YOUR OBJECTIVE: Pictures stay out of the copy. Repeat exactly the lines from the first entry below through the line that contains "Piękny, owalny blat", and nothing beyond.

DATA SUPPLIED:
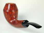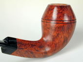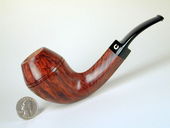 Large Bent Bulldog beautifully sculpted to reveal the bowl's grain. Black diamond shank saddle plexi stem. Leather pipe bag included. Group 4.
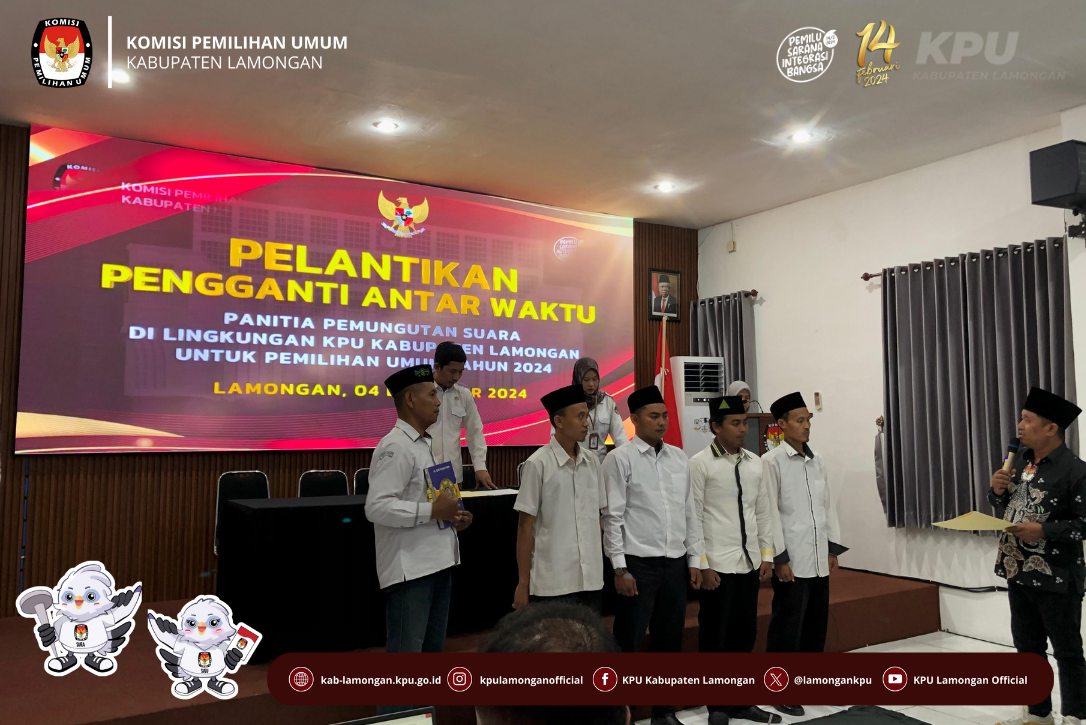 Lamongan (kab-lamongan.kpu.go.id)-Pada hari kamis (04/01/24), KPU Lamongan telah melantik 4 PPS baru untuk mengisi kekosongan jabatan setelah PPS sebelumnya mengundurkan diri. Pelantikan dilaksanakan di Aula KPU pada jam 14.00-15.00 WIB.
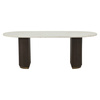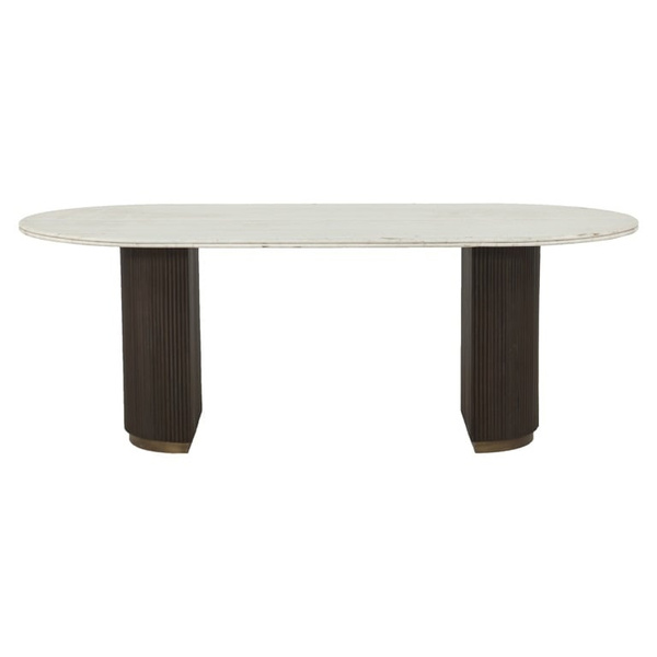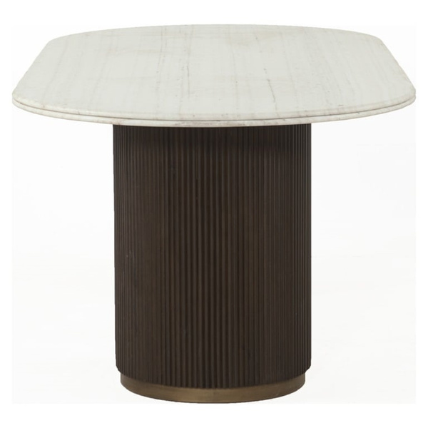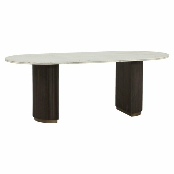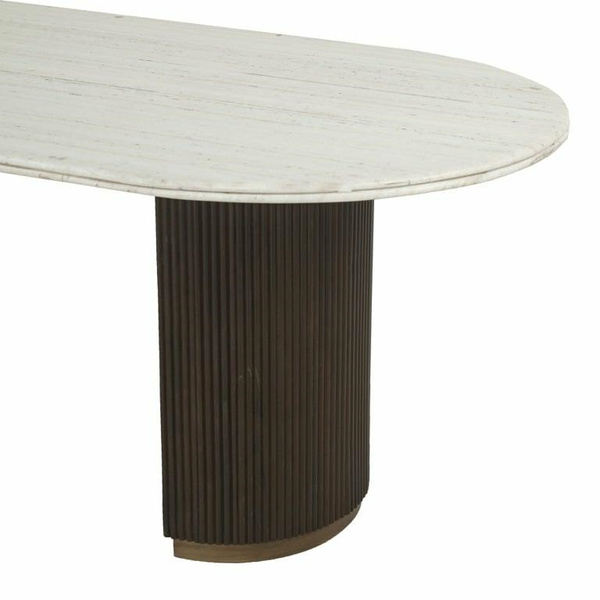 Piękny, owalny blat zdobi biały marmur, a podstawę drewniane lamele w połączeniu z mosiądzem.
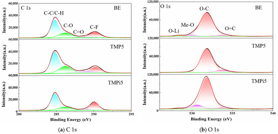Compared with the XPS analysis of the LiFePO4 electrode before cycling, the intensities of P and F were both reduced after cycling, as shown in Figure 10 and Figure 11. This demonstrated that after 300 cycles, the contents of P and F were both reduced. In the C 1s spectrum, the carbon elements on the surface of the LiFePO4 electrode existed in the form of C-C, C-O, C=O, C-F, etc., indicating that the organic compound ROCO2Li and the inorganic carbonate Li2CO3 existed in the CEI on the electrode surface [23,24], and C-F may come from polyvinylidene fluoride (PVDF). Compared with the basic electrolyte, after adding TMP5, the content of carbon elements on the surface of the LiFePO4 electrode, such as C-C, C-O, C=O, and C-F, basically did not change, while the C-O on the surface of the LiFePO4 electrode after adding TMPi5 decreased, and C-F increased, indicating that after 300 cycles, the CEI film on the surface of the LiFePO4 electrode with TMPi5 added was unstable, and PVDF was exposed on the electrode surface, resulting in an increase in the C-F content. In the O 1s spectrum, BE and TMPi5 had O-Li, and the methoxy (R-O-Li) content of TMPi5 was higher, while TMP5 did not have R-O-Li, indicating that TMP may inhibit the decomposition of BE to form R-O-Li. In the P 2p and F 1s spectra, phosphorus and fluorine may exist in the form of LixPOyFz, among which the phosphorus (P) and fluorine (F) content on the surface of the LiFePO4 electrode with TMP5 added was higher, which improves the electrochemical integrity of cells [25,26].
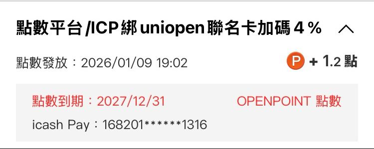 [情報] uniopen 1月份icashpay 4% 是否額滿回報
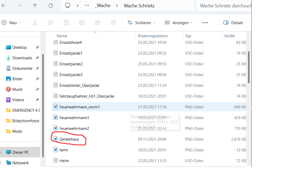 Im Mod Ordner : Objects-Models- Wache- Wache Schrietz dort "Geratehaus" in "Gerätehaus" umbenennen.

TASK SOLUTION:
 Large Bent Bulldog beautifully sculpted to reveal the bowl's grain. Black diamond shank saddle plexi stem. Leather pipe bag included. Group 4.
 Lamongan (kab-lamongan.kpu.go.id)-Pada hari kamis (04/01/24), KPU Lamongan telah melantik 4 PPS baru untuk mengisi kekosongan jabatan setelah PPS sebelumnya mengundurkan diri. Pelantikan dilaksanakan di Aula KPU pada jam 14.00-15.00 WIB.
 Piękny, owalny blat zdobi biały marmur, a podstawę drewniane lamele w połączeniu z mosiądzem.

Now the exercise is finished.